Cauari

Personal information
- Full name: Cauari Carmo Simão Santos
- Date of birth: 23 September 2002 (age 23)
- Place of birth: Santos, Brazil
- Height: 1.85 m (6 ft 1 in)
- Position: Winger

Team information
- Current team: Portuguesa
- Number: 11

Youth career
- Delfín
- 2021: Flamengo-SP
- 2022: Votuporanguense
- 2022: → Atlético Goianiense (loan)

Senior career*
- Years: Team / Apps / (Gls)
- 2023: Votuporanguense / 4 / (0)
- 2023: Rio Branco-SP / 23 / (3)
- 2024–2025: Galo Maringá / 5 / (0)
- 2024: → Aparecidense (loan) / 15 / (1)
- 2024: → Brusque (loan) / 3 / (0)
- 2025: → Velo Clube (loan) / 5 / (0)
- 2025–: Portuguesa / 29 / (5)

= Cauari =

Brazilian footballer (born 2002)

Cauari Carmo Simão Santos (born 23 September 2002), simply known as Cauari, is a Brazilian professional footballer who plays as a winger for Portuguesa.

==Career==
Born in Santos, São Paulo, Cauari played for Delfín, Flamengo-SP and Votuporanguense as a youth. On 31 March 2022, after impressing with the latter in the Copa São Paulo de Futebol Júnior, he moved to Atlético Goianiense on loan and was assigned to the under-20 squad.

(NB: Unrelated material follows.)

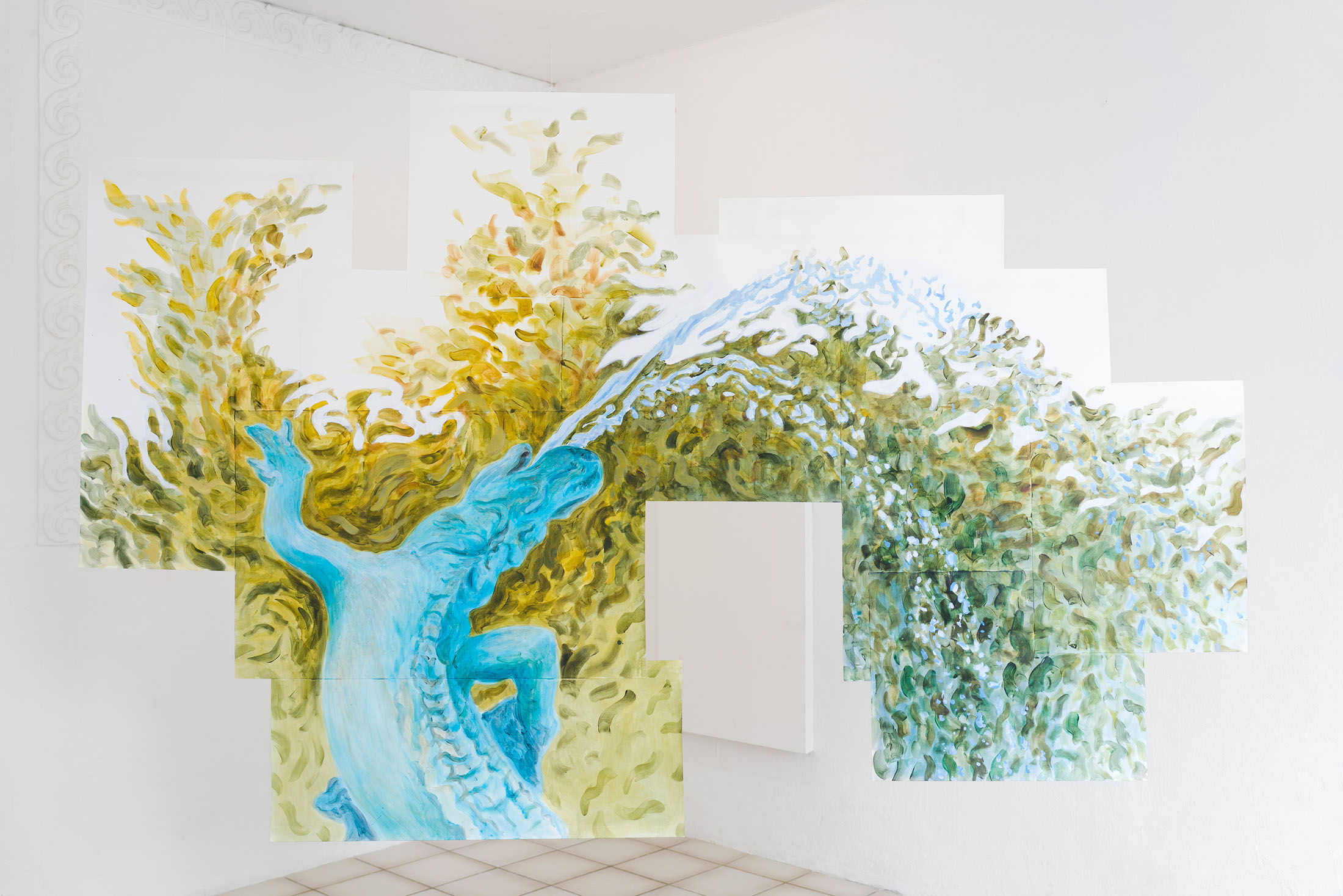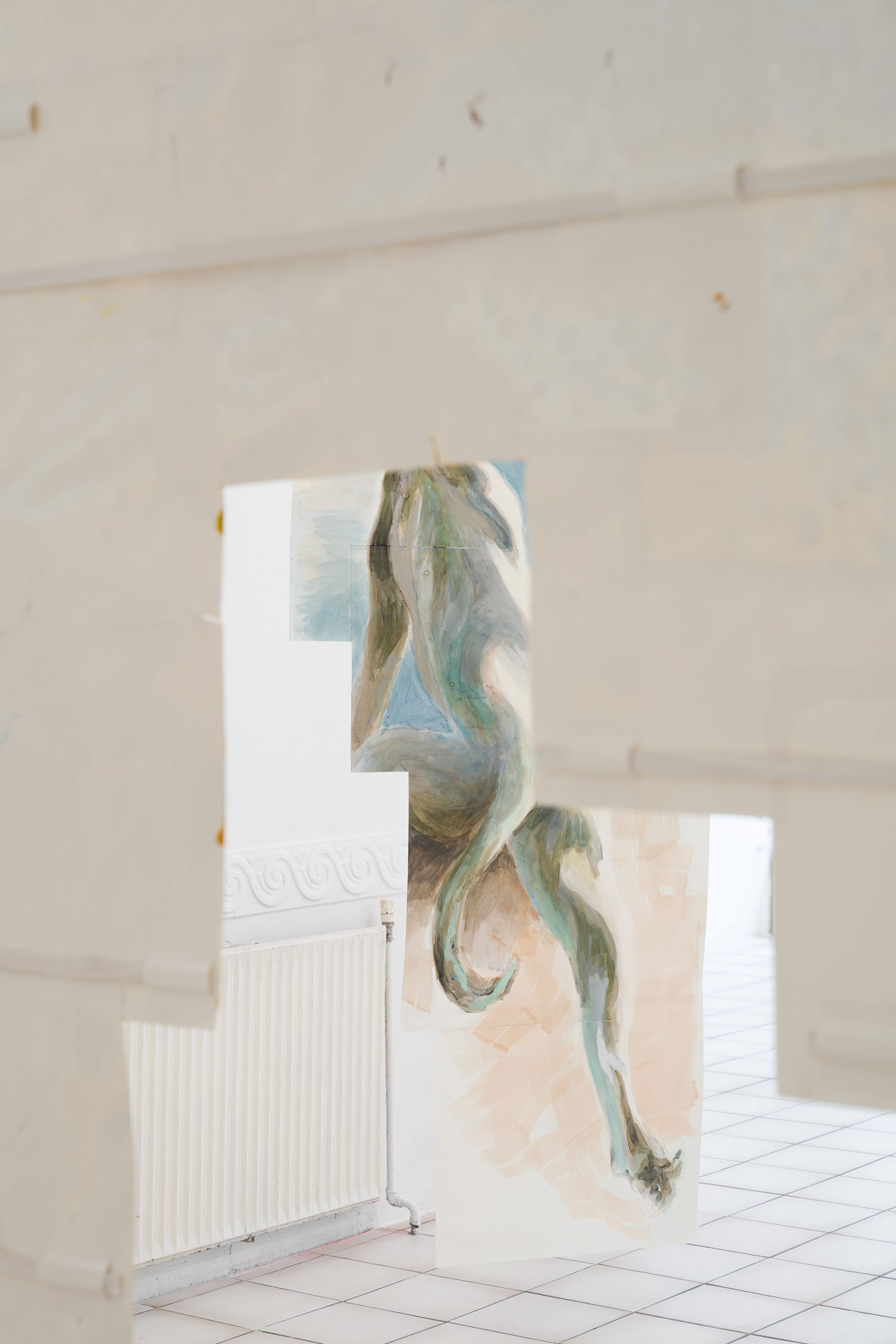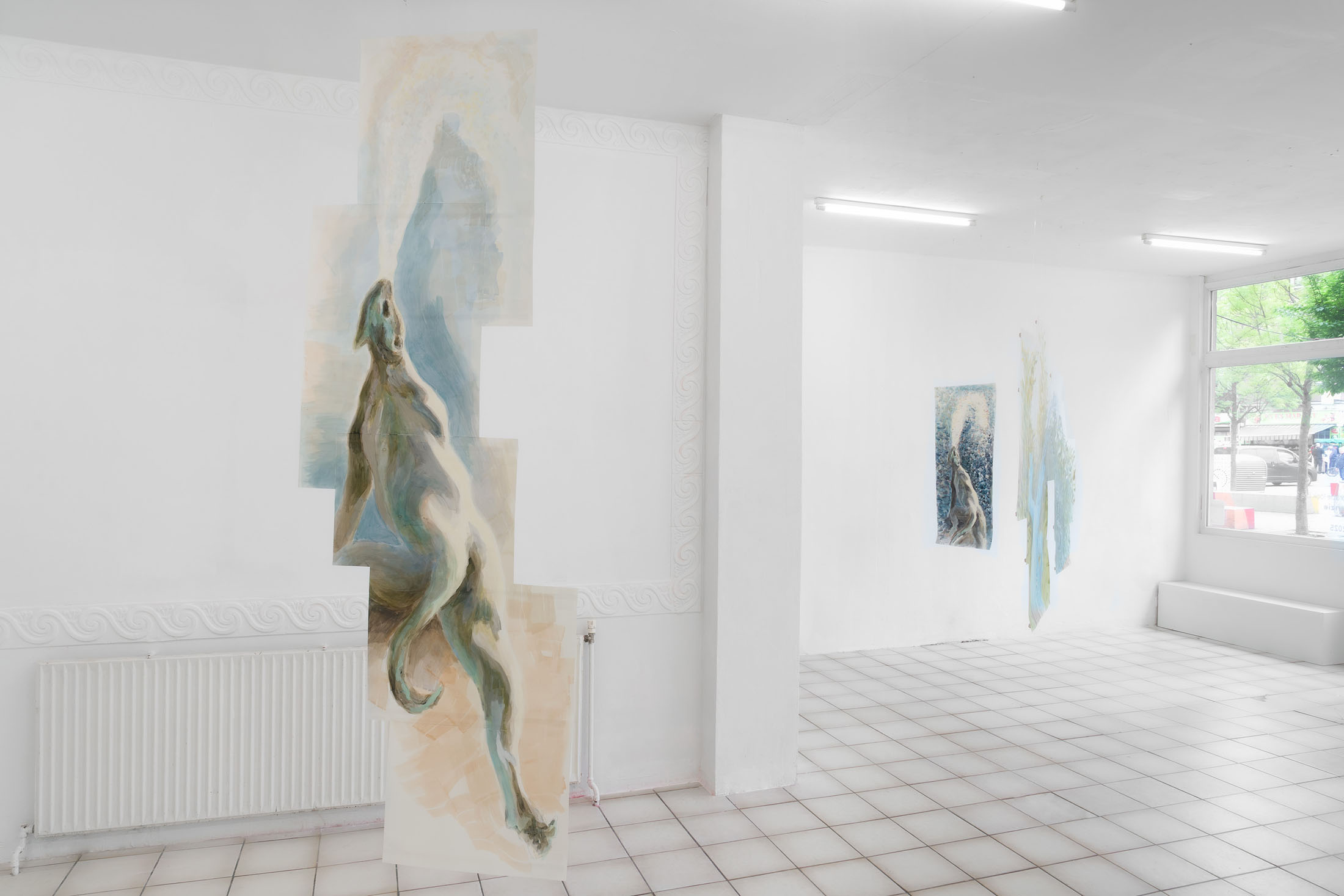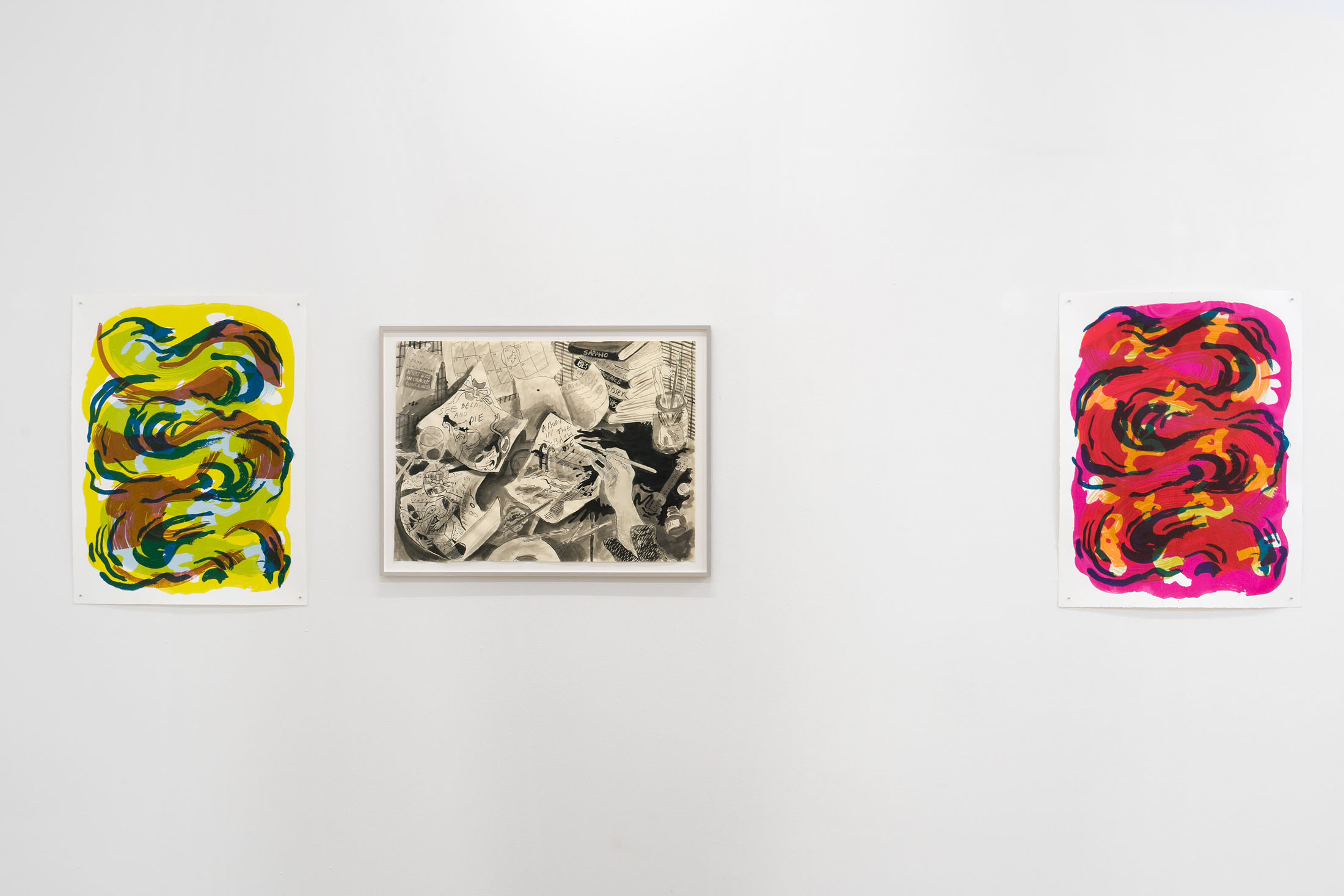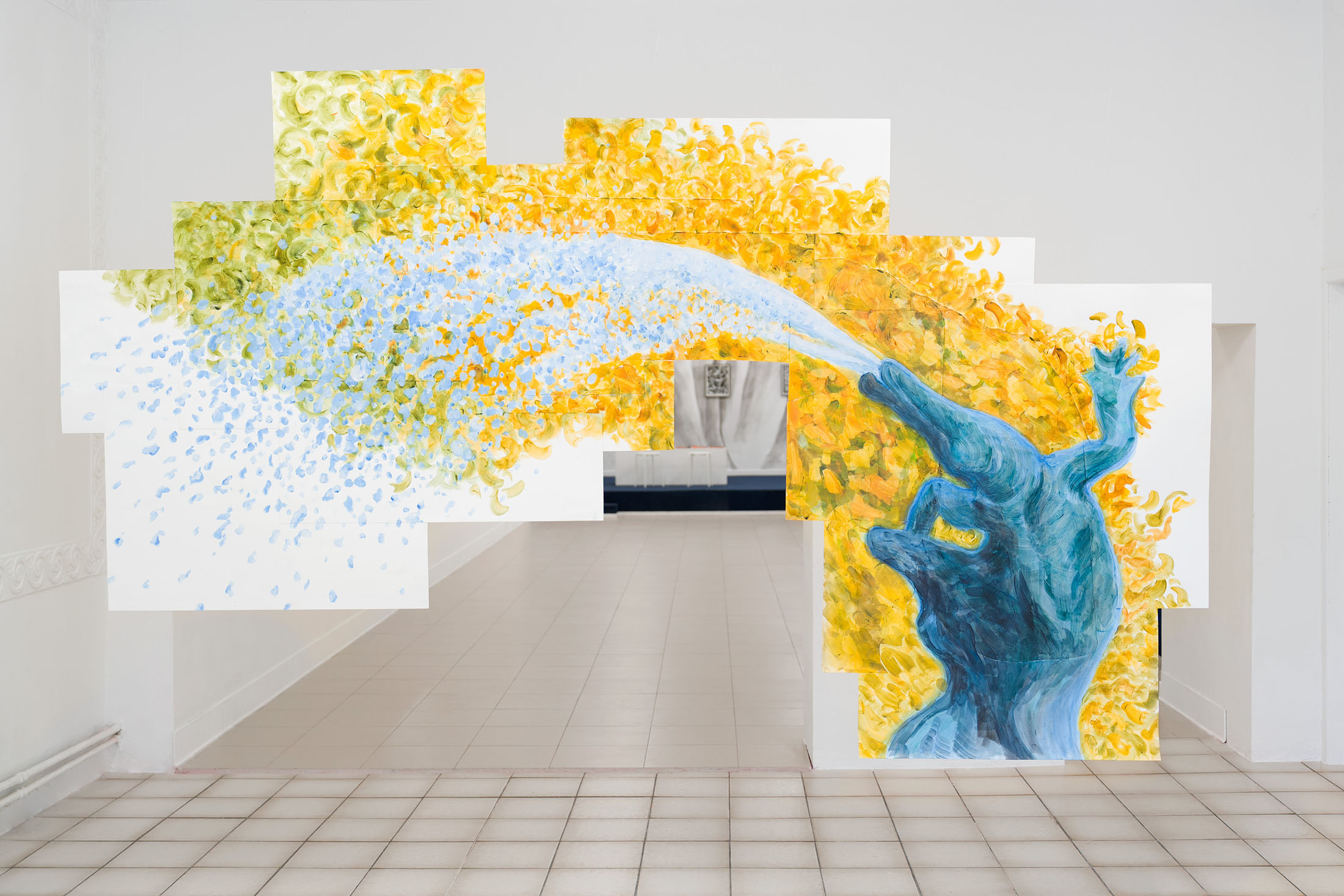 For Komplot, Perri MacKenzie will present a new installation of large-scale collage paintings on paper depicting the animal fountains of Sainte-Catherine, Brussels (sculpted by Georges Houstont and Godefroid Devreese, c.1895). For MacKenzie, the water gushing out of the fountain’s mouths is an energetic materialisation of voice, which is further amplified by the unruly dimensionality of the paintings. The exhibition additionally brings together drawings and screenprints alongside a presentation of her book. A graphical way of thinking pervades the works in the exhibition: an exploration into the leaky spaces of image, line, text, and voice.

Back to CAV for the 2023 season, Cauari made his senior debut for the side in the year's Campeonato Paulista Série A3, and subsequently played for Rio Branco-SP in the Campeonato Paulista Segunda Divisão. On 3 December 2023, he signed for Galo Maringá.

On 10 April 2024, Cauari agreed to a loan deal with Série C side Aparecidense. After being regularly used, he moved to Brusque in the Série B on 2 September, also in a temporary deal.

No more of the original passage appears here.